DESCRIPTION OF THE TASK:
Wherever the listing holds a picture, leave it out, and copy the remainder exactly.

SOURCE DATA:
______________________________

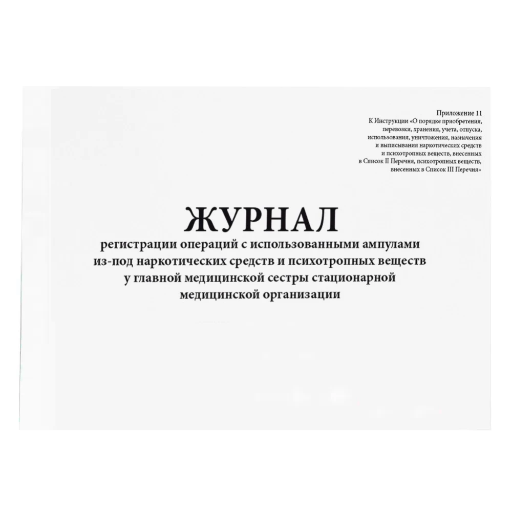 Графы для заполнения Журнала регистрации операций с использованными ампулами из-под наркотических средств (психотропных веществ) у главной медицинской сестры:
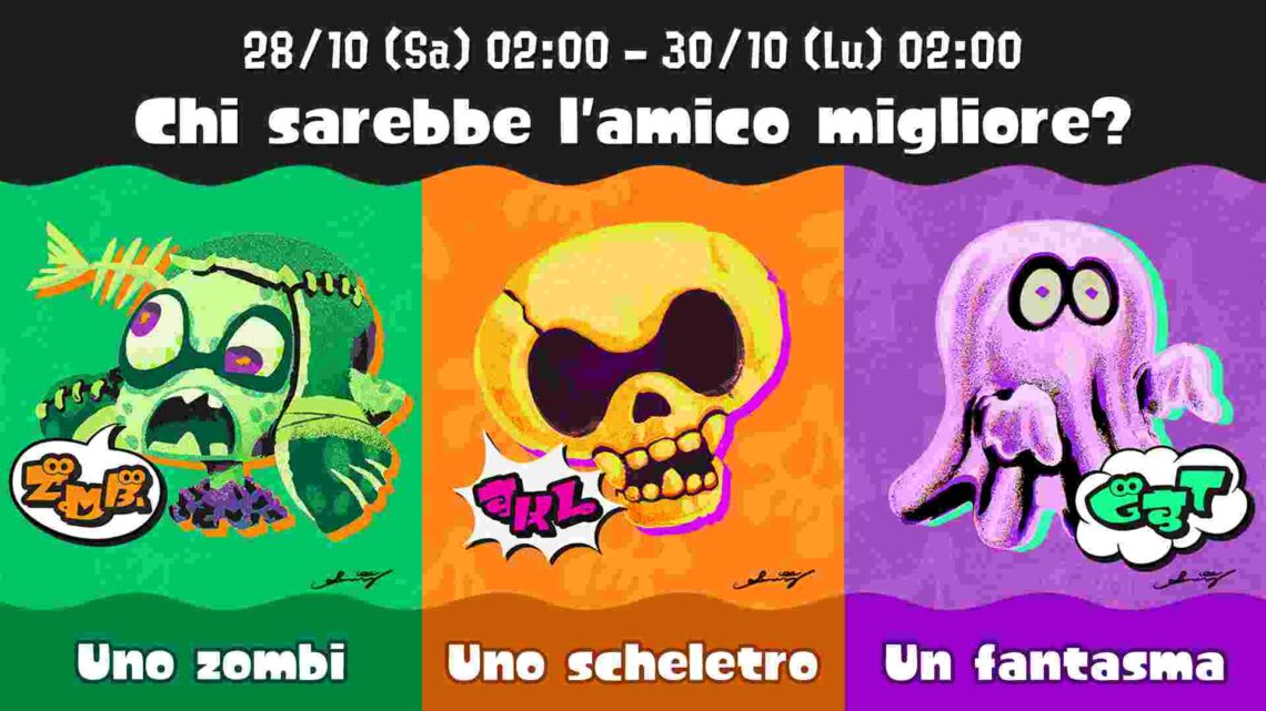 Splatoon 3: annunciato lo Splatfest di Halloween, Chi sarebbe l’amico migliore: Uno zombie, uno scheletro o un fantasma?
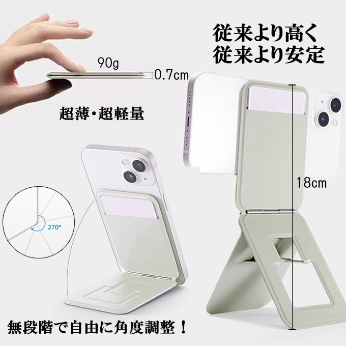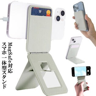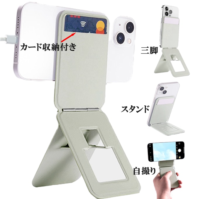 【グレー】Magsafe対応 スマホ一体型スタンド | スマホスタンド 薄型 折りたたみ カード収納 三脚 自撮り 多角度 iPhone対応
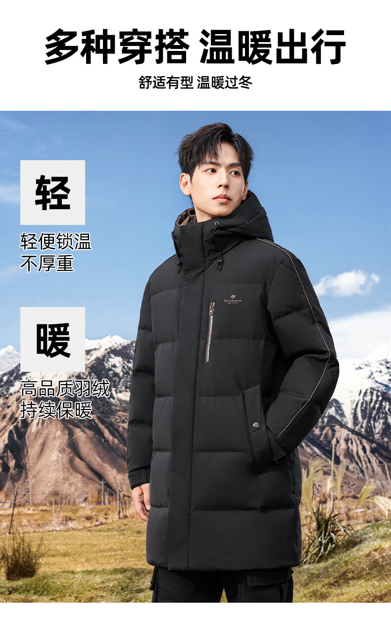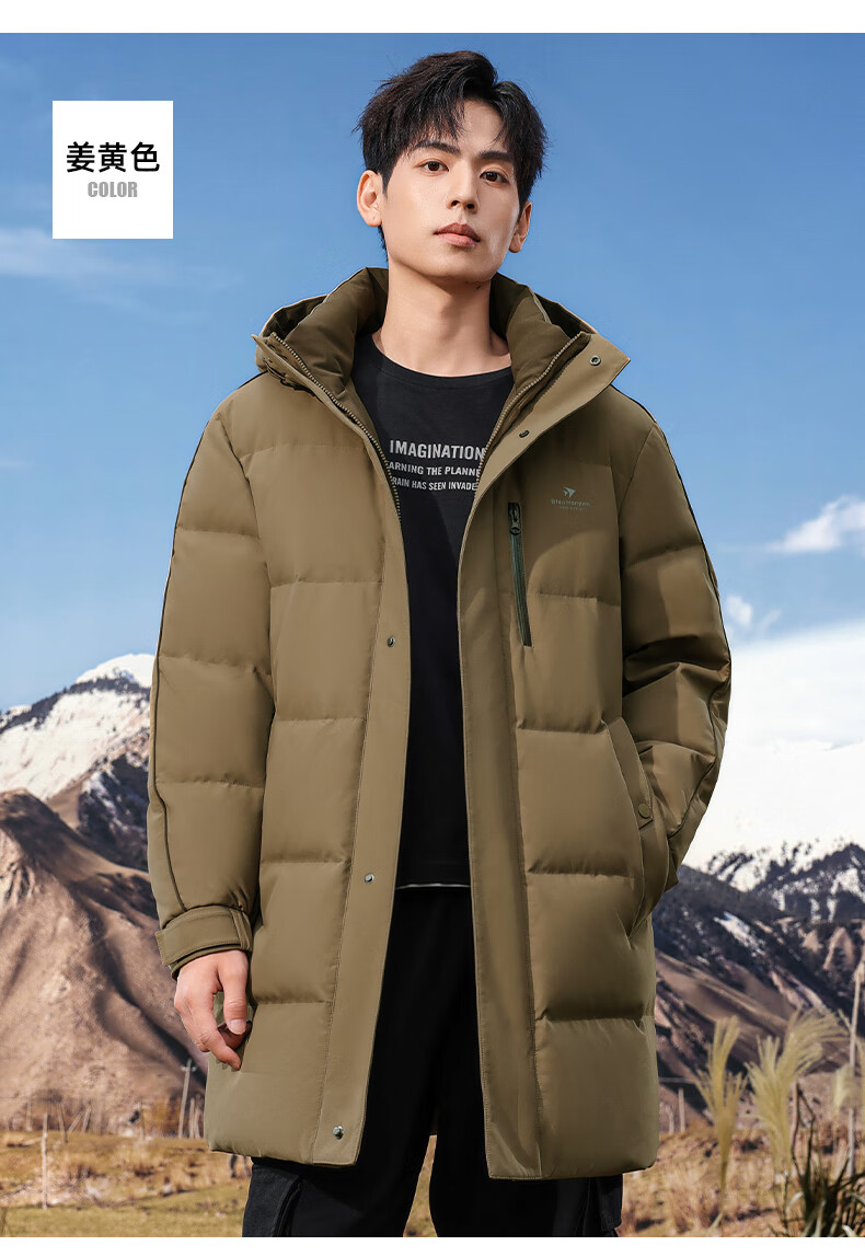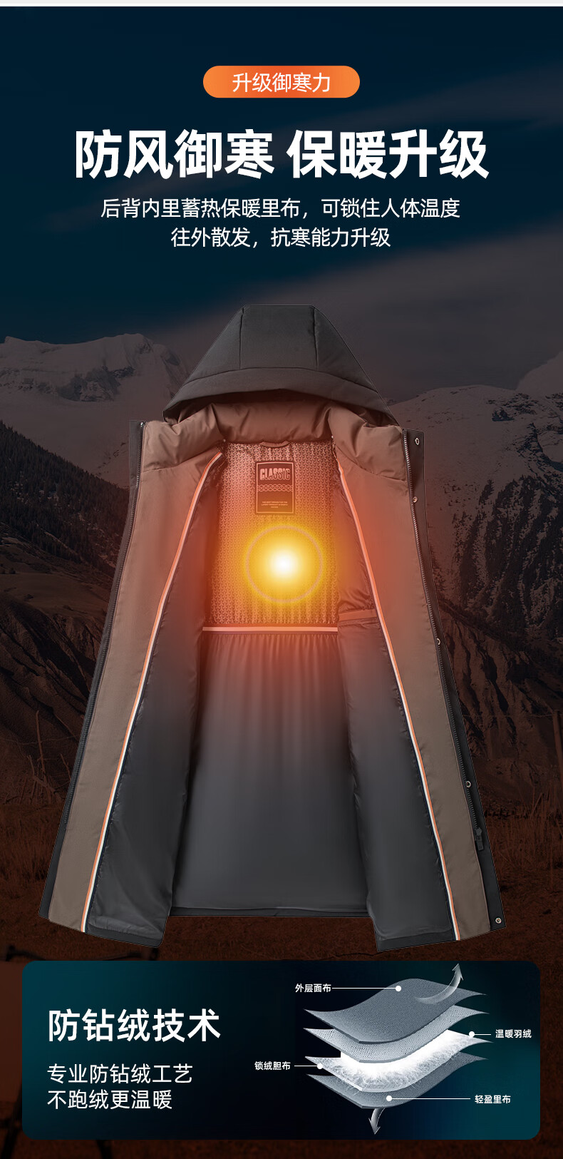 YAYA graphene mid-length hooded down jacket men's 2024 winter new thickened warm jacket for young and middle-aged people

______________________________

RESULT OF THIS EXERCISE:
 Графы для заполнения Журнала регистрации операций с использованными ампулами из-под наркотических средств (психотропных веществ) у главной медицинской сестры:
 Splatoon 3: annunciato lo Splatfest di Halloween, Chi sarebbe l’amico migliore: Uno zombie, uno scheletro o un fantasma?
 【グレー】Magsafe対応 スマホ一体型スタンド | スマホスタンド 薄型 折りたたみ カード収納 三脚 自撮り 多角度 iPhone対応
 YAYA graphene mid-length hooded down jacket men's 2024 winter new thickened warm jacket for young and middle-aged people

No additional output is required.